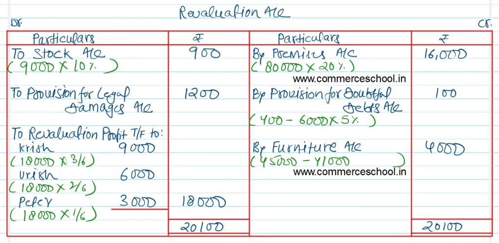 (i) Premises to be appreciated by 20%, Stock to be depreciated by 10% and Provision for doubtful debts was to be maintained @ 5% on Debtors. Further, provision for legal damages is to be increased by 1,200 and furniture to be brought up to ₹ 45,000.
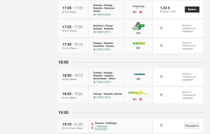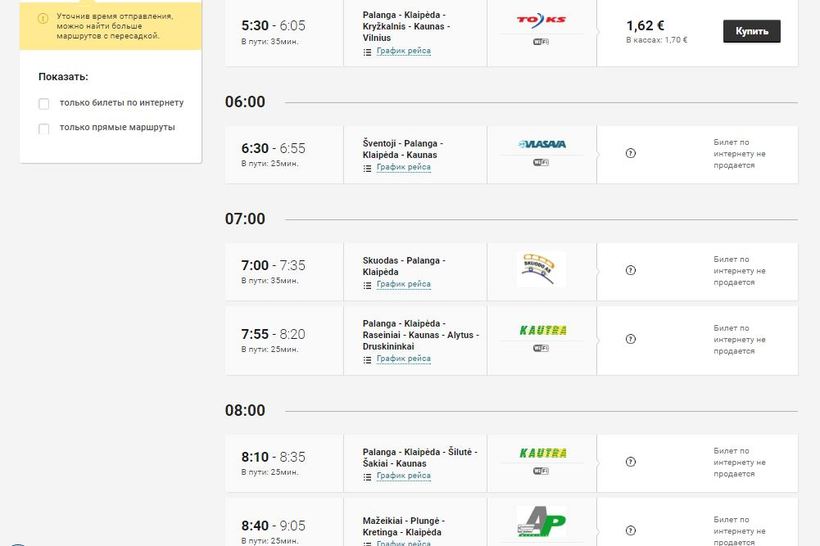 Также можно купить билеты онлайн, на сайте autobusubilietai (на нем же и расписание можно смотреть). Но билеты тут можно взять далеко не на все рейсы.
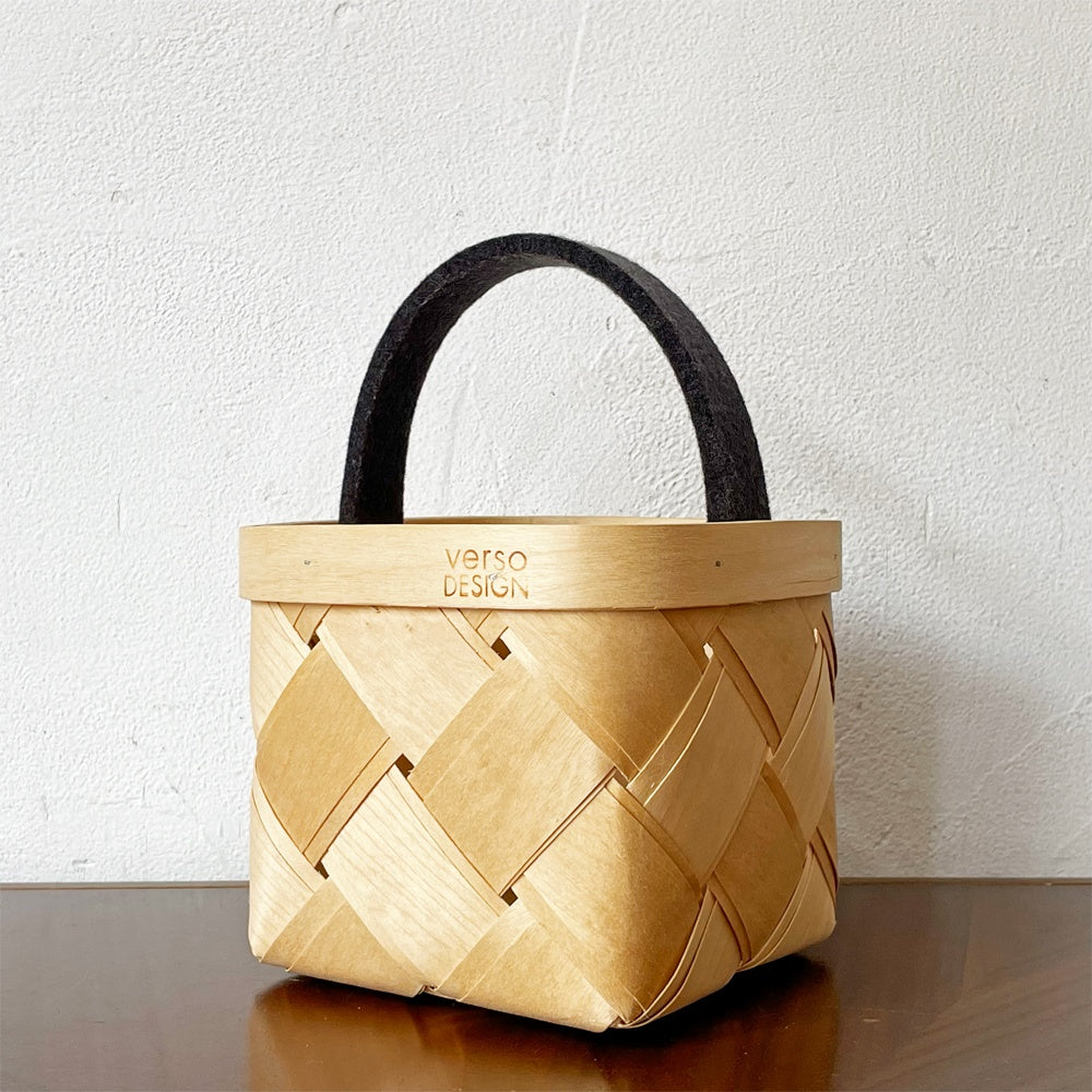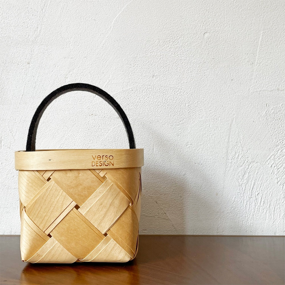 ベルソデザイン Verso Design ラストゥ LASTU スクエアバスケット S 白樺材 フェルトハンドル ブラック フィンランド 北欧雑貨 定価¥22,000- ★
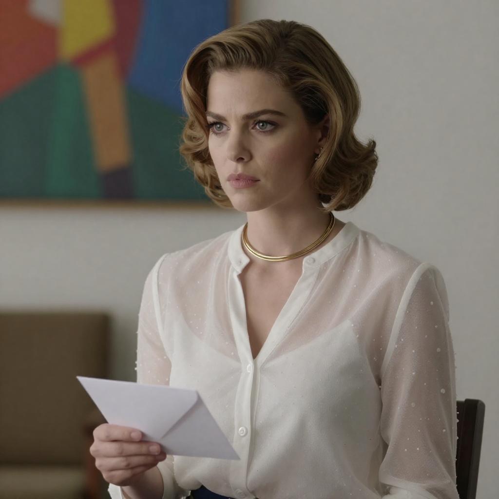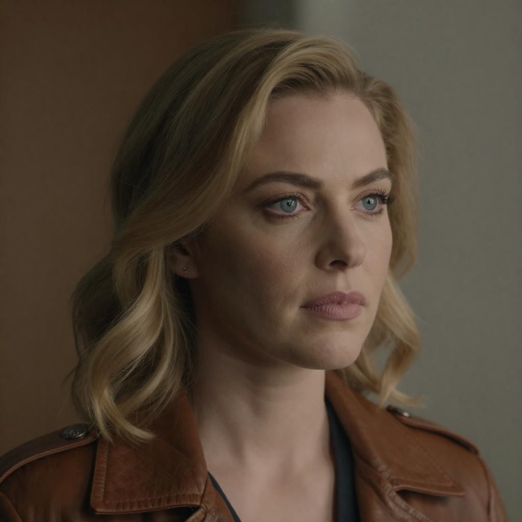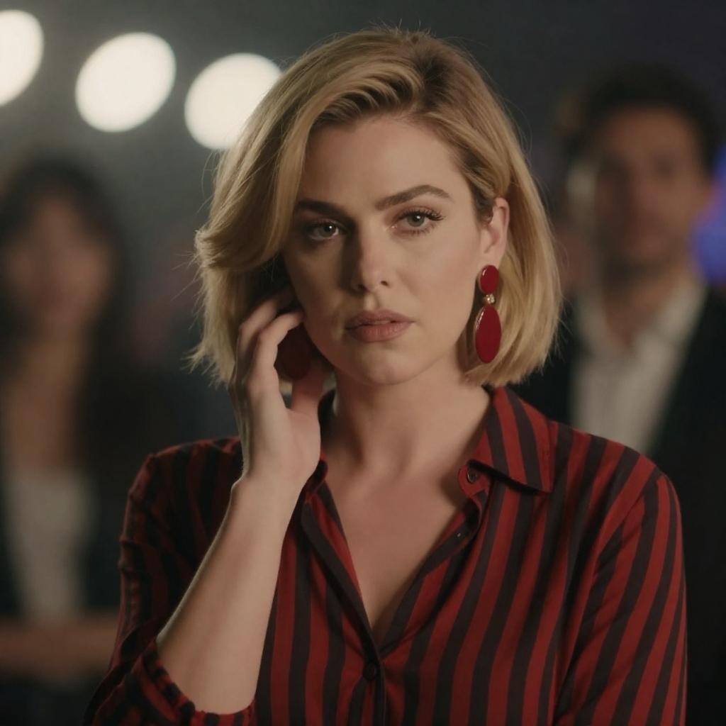 Photograph of a blonde woman with short, layered hair and dark roots, wearing a red and black striped shirt and large red earrings. She has a serious expression, with one hand touching her face. The blurred background features bright lights and indistinct figures. The image has a cinematic, dramatic feel.
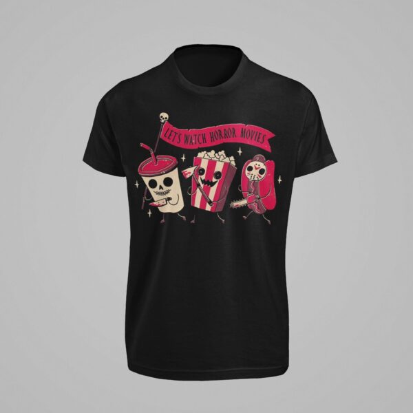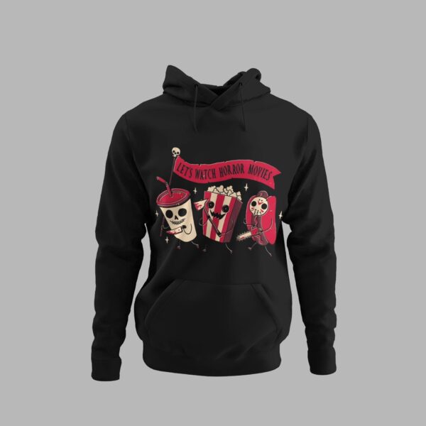 Lets Watch Horror Movies Graphic Sweatshirt Hoodie Or T-Shirt Unisex Black Cotton Blend
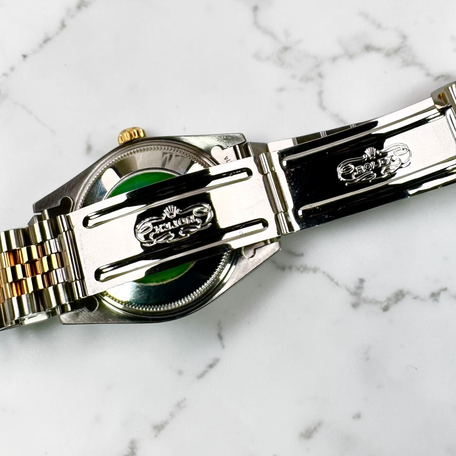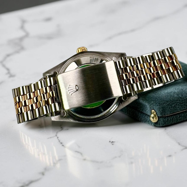 This majestic piece is accompanied with the exceptionally durable Jubilee bracelet, an embodiment of Rolex’s Model 62523. Having been designed originally for the Oyster Perpetual Datejust in 1945, the Jubilee bracelet substantially enhances this model's classical appeal while promising an unparalleled comfort on the wrist. The bracelet’s robust five-piece link design represents a perfect harmony of form and utility. This iconic design is celebrated globally as being one of the most recognized across all Rolex bracelet variations.
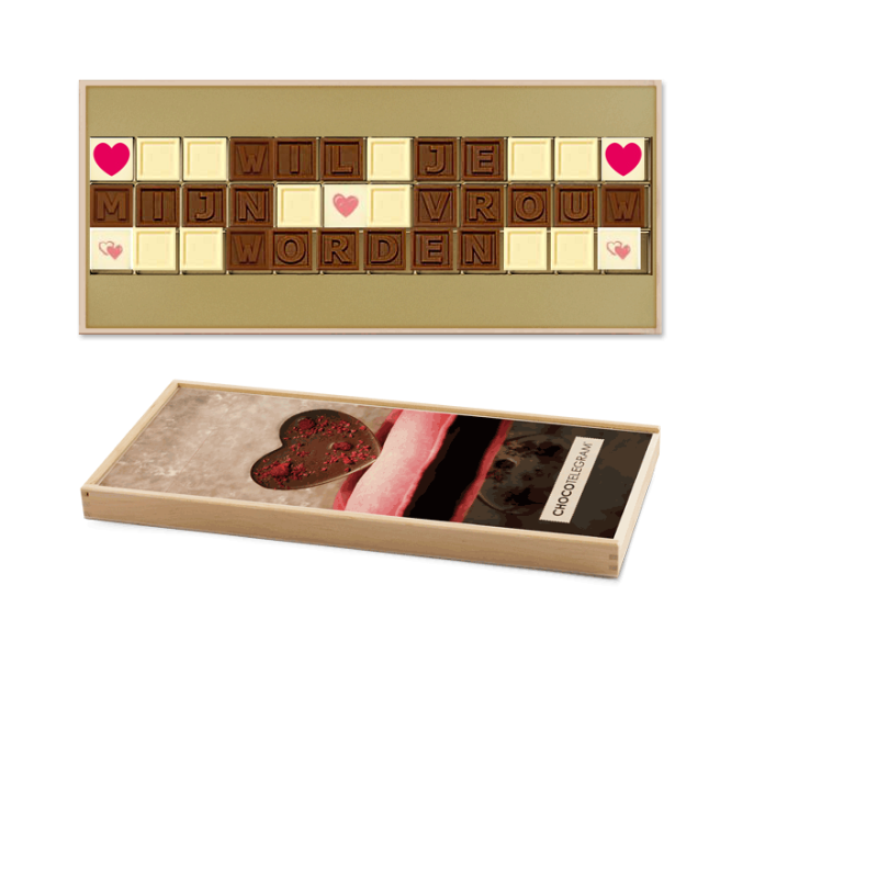 ChocoTelegram avec le message: "Wil je mijn vrouw worden" (Veux-tu devenir ma femme). Présenté dans une boîte en bois.
================================
● Description of the task
Reproduce the whole listing above word for word, dropping each image.

● Answer below
 (i) Premises to be appreciated by 20%, Stock to be depreciated by 10% and Provision for doubtful debts was to be maintained @ 5% on Debtors. Further, provision for legal damages is to be increased by 1,200 and furniture to be brought up to ₹ 45,000.
 Также можно купить билеты онлайн, на сайте autobusubilietai (на нем же и расписание можно смотреть). Но билеты тут можно взять далеко не на все рейсы.
 ベルソデザイン Verso Design ラストゥ LASTU スクエアバスケット S 白樺材 フェルトハンドル ブラック フィンランド 北欧雑貨 定価¥22,000- ★
 Photograph of a blonde woman with short, layered hair and dark roots, wearing a red and black striped shirt and large red earrings. She has a serious expression, with one hand touching her face. The blurred background features bright lights and indistinct figures. The image has a cinematic, dramatic feel.
 Lets Watch Horror Movies Graphic Sweatshirt Hoodie Or T-Shirt Unisex Black Cotton Blend
 This majestic piece is accompanied with the exceptionally durable Jubilee bracelet, an embodiment of Rolex’s Model 62523. Having been designed originally for the Oyster Perpetual Datejust in 1945, the Jubilee bracelet substantially enhances this model's classical appeal while promising an unparalleled comfort on the wrist. The bracelet’s robust five-piece link design represents a perfect harmony of form and utility. This iconic design is celebrated globally as being one of the most recognized across all Rolex bracelet variations.
 ChocoTelegram avec le message: "Wil je mijn vrouw worden" (Veux-tu devenir ma femme). Présenté dans une boîte en bois.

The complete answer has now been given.